Do you trust tor that much?
The exit node sees exactly what your doing and can easily grab the data.

• If you suspect that your personal data were leaked try to go to intelx.io

• Haveibeenpwned does not distinguish if just your email was posted or other personal data too

2 Likes

I take from the question that I shouldn’t have trusted TOR? What would a secure connection look like to ask these questions?

Tor is more than fine, just be sure that the “clearnet” website you are visiting is connected via https and that the certificate is okay.
By doing that the exit node doesn’t get to read the content.

And of course only use the Tor Browser when browsing on Tor.

5 Likes

You already got good advice of piluso.
I just don’t get why ppl use tor for the clearnet.
If you don’t know what your doing you can leak everything.
If your trying to be anonymous, it really isn’t that anonymous.
I’ve used tor, but not for normal Internet things, and not for years now.

1 Like

What do you think should be used instead of Tor?

Normal Internet. Why not?

1 Like

Was just curious if there was something more secure you would recommend.

Nope.
As I said , piluso gave good advice.
But if you get careless, it can make things alot worse than using normal Internet.

https://protonvpn.com/blog/is-tor-safe/#:~:text=The%20answer%20is%20no.,the%20non-profit%20Tor%20Project.

I dont trust vpn either, you have no clue if they are really logless, or how well secured they actually are.

1 Like

Not mine, found on reddit… pretty apt.

2 Likes

Ledger are sending out emails to everyone whose data has been released so you could check the email address you used when you ordered to see if they’ve sent you one.

Other than that, I’ve got a copy of the breached database so if you want to message me one part of your info like email or the last few digits of you phone number or whatever i could check for you if that helps.

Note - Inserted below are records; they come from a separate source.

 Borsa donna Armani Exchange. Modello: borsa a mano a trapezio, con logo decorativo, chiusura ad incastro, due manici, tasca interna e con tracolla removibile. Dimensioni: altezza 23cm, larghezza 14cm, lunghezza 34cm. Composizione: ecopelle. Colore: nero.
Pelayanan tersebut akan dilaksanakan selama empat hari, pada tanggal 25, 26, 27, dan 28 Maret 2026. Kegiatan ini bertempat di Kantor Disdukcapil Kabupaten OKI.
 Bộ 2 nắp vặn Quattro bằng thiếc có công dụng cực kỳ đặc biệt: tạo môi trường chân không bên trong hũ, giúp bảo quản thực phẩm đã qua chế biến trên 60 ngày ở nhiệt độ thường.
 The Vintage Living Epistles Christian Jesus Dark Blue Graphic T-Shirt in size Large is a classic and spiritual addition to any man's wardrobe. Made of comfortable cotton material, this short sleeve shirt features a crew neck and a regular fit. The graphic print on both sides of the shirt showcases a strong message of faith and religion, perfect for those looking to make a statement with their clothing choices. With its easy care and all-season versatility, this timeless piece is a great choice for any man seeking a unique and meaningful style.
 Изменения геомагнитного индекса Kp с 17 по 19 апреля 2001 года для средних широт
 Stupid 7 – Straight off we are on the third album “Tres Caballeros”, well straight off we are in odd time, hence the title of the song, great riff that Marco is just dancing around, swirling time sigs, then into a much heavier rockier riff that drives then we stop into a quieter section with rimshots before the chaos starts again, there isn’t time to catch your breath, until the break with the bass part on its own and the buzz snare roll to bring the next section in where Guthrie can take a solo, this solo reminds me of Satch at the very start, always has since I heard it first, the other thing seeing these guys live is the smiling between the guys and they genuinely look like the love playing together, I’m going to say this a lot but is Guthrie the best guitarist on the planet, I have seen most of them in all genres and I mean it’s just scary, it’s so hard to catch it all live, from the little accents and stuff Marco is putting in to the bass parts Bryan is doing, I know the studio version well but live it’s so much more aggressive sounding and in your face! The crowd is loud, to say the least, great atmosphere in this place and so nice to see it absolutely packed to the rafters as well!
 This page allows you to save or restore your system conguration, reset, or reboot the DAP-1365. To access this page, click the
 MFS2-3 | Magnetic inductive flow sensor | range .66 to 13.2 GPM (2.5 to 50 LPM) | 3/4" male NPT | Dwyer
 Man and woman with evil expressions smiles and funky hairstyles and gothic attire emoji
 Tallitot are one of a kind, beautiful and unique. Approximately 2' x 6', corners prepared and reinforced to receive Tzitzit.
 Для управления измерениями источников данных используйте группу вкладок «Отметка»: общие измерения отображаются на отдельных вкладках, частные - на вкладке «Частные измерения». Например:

So we can use these home addresses for promoting SAFE
“With SAFE this will gonna not happen any more”

This is a very bad idea. People will not like that someone use this information that way. See if you do it indirectly with ads around addresses without being intrusive it can have an effect…

3 Likes

What Bitcoin Did: Ledger Hack - What Happened with Pascal Gauthier (Ledger CEO) https://www.whatbitcoindid.com/podcast/ledger-hack-what-happened-with-pascal-gauthier

For people looking for alternatives to Ledger cold storage, for when they introduce new people to crypto.

Ledger - newbies to the crypto world, the people I have helped buy crypto for the first time, maidsafe, some did some initial reading and asked me about ledger.

I took one look at the price, even just now EUR 60 for one of the ledgers.
A firm NO!

I taught them how to use truecrypt, taught them how to get around the version number issues on macs…

also gave them the option of a truecrypt friendly alternative,

EUR 60 will buy you a lot of high quality USBs.
For redundancy you can keep multiple copies of your vault type across your USBs,
you won’t give personal details to a 3rd party.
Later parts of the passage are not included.